◆ Prompt ◆
Nothing but the lines below from the one with "9db-os vegyes magyar" through the one with "7、屏幕左上角显示的是你的血" should be output, each exactly as given, and no pictures.

=== Material for the task ===

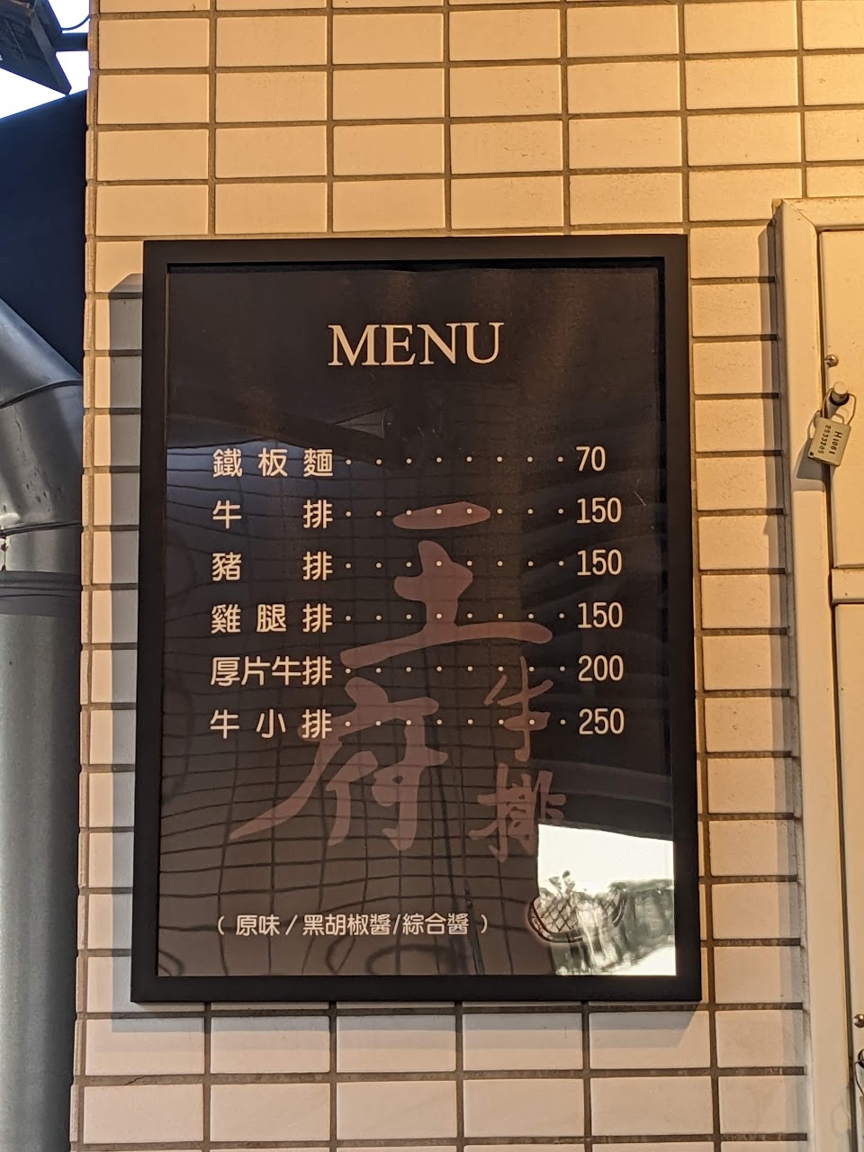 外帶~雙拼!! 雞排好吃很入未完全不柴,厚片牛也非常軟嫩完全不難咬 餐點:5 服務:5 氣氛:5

===
=== Material for the task ===

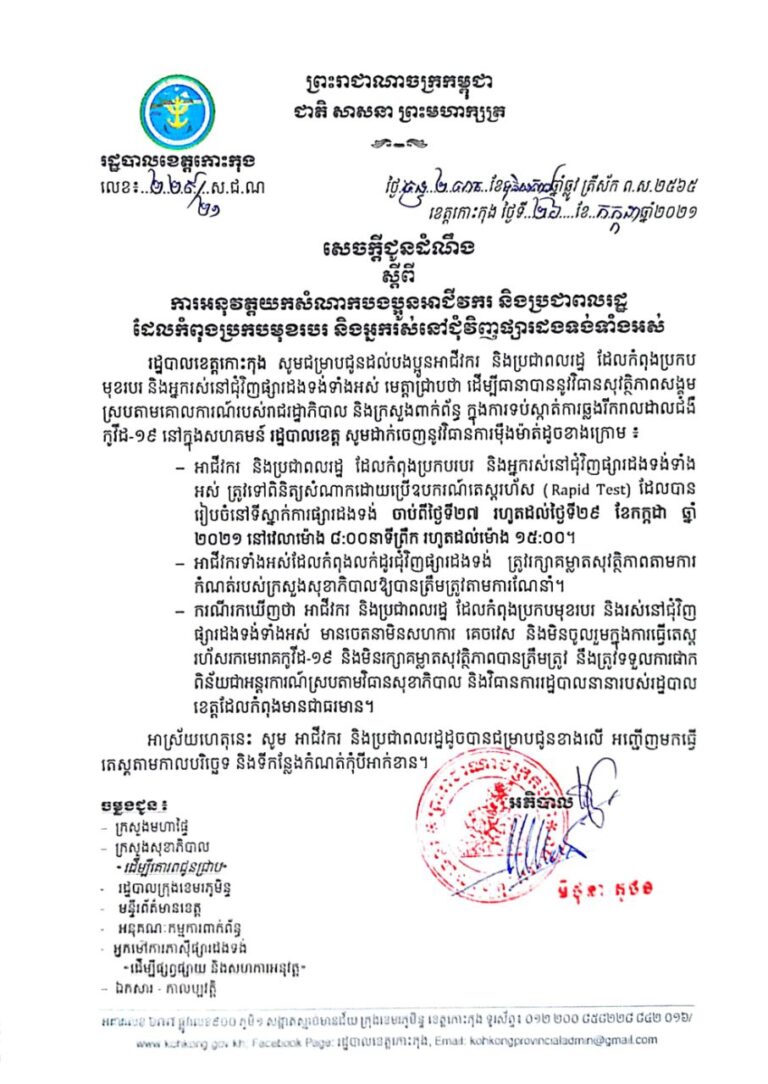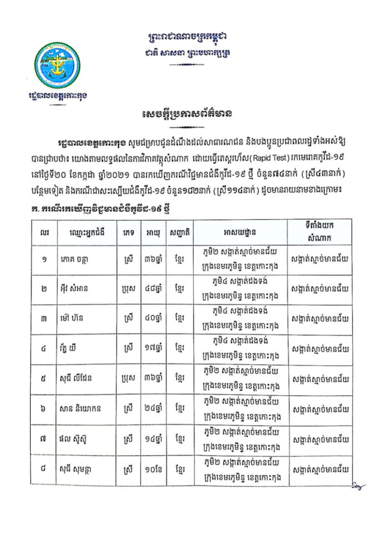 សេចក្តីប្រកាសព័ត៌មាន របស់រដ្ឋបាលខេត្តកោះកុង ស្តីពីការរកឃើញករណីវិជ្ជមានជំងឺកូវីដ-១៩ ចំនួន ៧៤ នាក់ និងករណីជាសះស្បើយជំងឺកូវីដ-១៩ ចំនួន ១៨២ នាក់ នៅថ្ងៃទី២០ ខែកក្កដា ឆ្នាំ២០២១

===
=== Material for the task ===

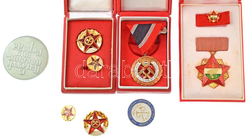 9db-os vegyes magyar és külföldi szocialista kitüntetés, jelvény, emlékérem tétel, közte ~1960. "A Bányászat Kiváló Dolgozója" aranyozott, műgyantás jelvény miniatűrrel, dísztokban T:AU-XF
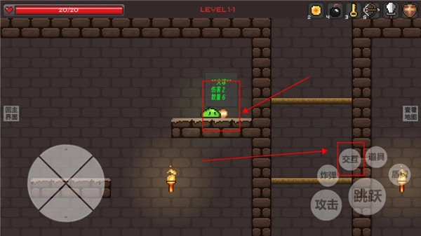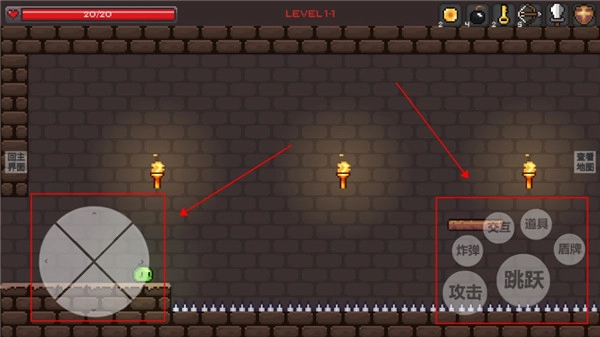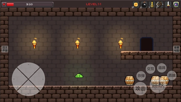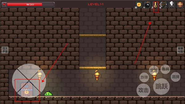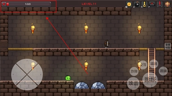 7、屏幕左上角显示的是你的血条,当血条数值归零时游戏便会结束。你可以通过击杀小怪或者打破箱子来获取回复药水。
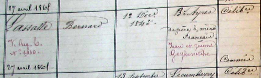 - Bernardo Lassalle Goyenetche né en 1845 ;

===

◆ Expected answer ◆
 9db-os vegyes magyar és külföldi szocialista kitüntetés, jelvény, emlékérem tétel, közte ~1960. "A Bányászat Kiváló Dolgozója" aranyozott, műgyantás jelvény miniatűrrel, dísztokban T:AU-XF
 7、屏幕左上角显示的是你的血条,当血条数值归零时游戏便会结束。你可以通过击杀小怪或者打破箱子来获取回复药水。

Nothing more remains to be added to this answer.